**WORK REQUEST**
Down to the last line, set down the listing below exactly, apart from its pictures.
─── DATASET EXTRACT
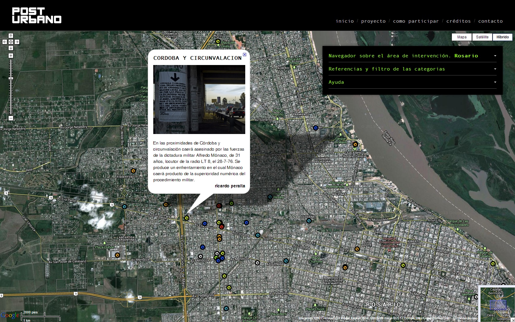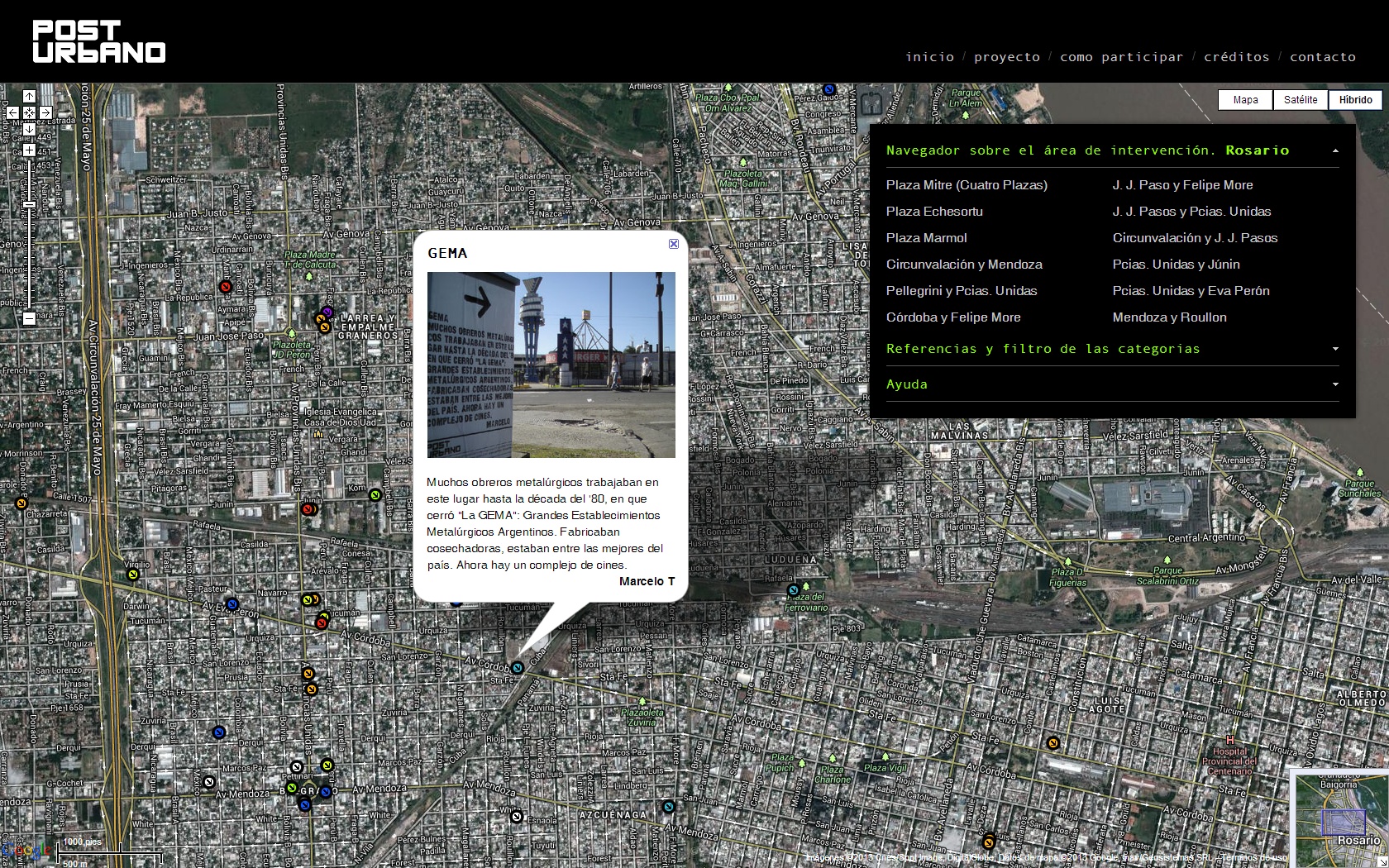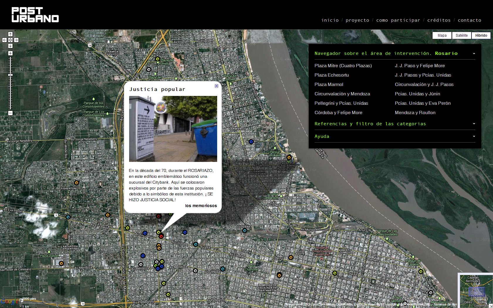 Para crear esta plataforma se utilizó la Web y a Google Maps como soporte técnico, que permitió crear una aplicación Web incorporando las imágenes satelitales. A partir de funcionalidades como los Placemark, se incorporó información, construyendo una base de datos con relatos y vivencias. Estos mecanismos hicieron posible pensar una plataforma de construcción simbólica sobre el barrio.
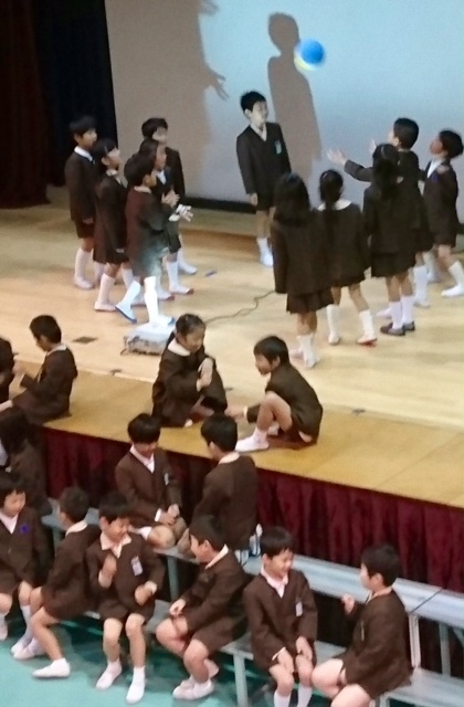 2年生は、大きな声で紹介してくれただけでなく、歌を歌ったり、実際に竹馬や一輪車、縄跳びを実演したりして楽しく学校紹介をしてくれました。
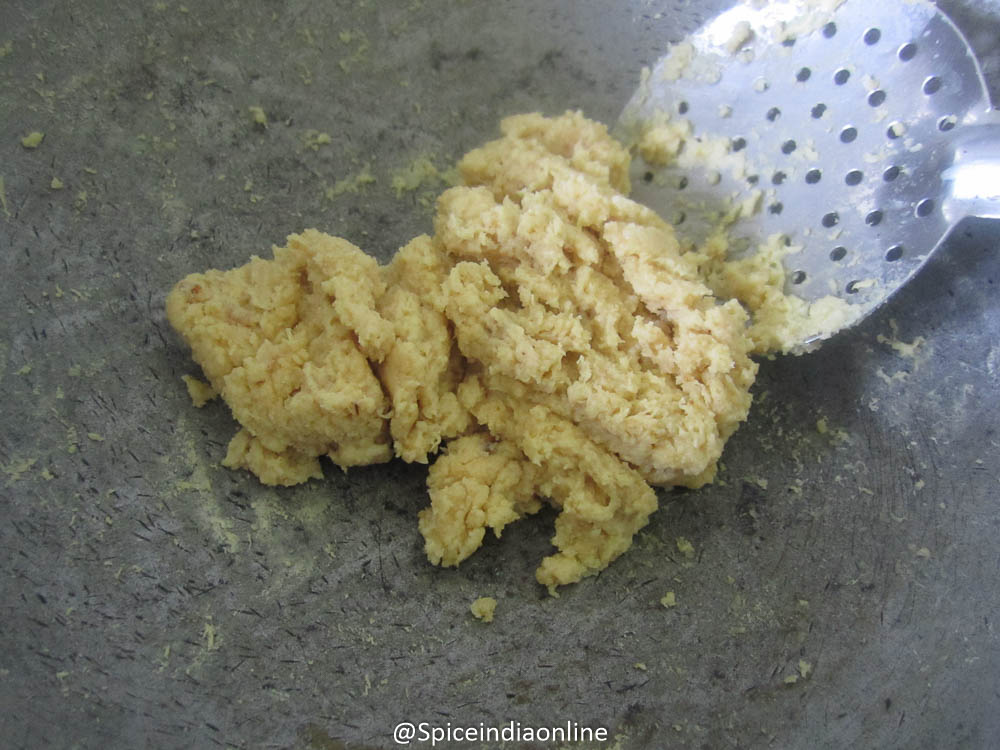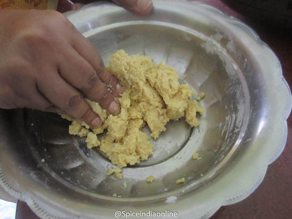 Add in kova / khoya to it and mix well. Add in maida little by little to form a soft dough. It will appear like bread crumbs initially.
──────
**RESULT**
 Para crear esta plataforma se utilizó la Web y a Google Maps como soporte técnico, que permitió crear una aplicación Web incorporando las imágenes satelitales. A partir de funcionalidades como los Placemark, se incorporó información, construyendo una base de datos con relatos y vivencias. Estos mecanismos hicieron posible pensar una plataforma de construcción simbólica sobre el barrio.
 2年生は、大きな声で紹介してくれただけでなく、歌を歌ったり、実際に竹馬や一輪車、縄跳びを実演したりして楽しく学校紹介をしてくれました。
 Add in kova / khoya to it and mix well. Add in maida little by little to form a soft dough. It will appear like bread crumbs initially.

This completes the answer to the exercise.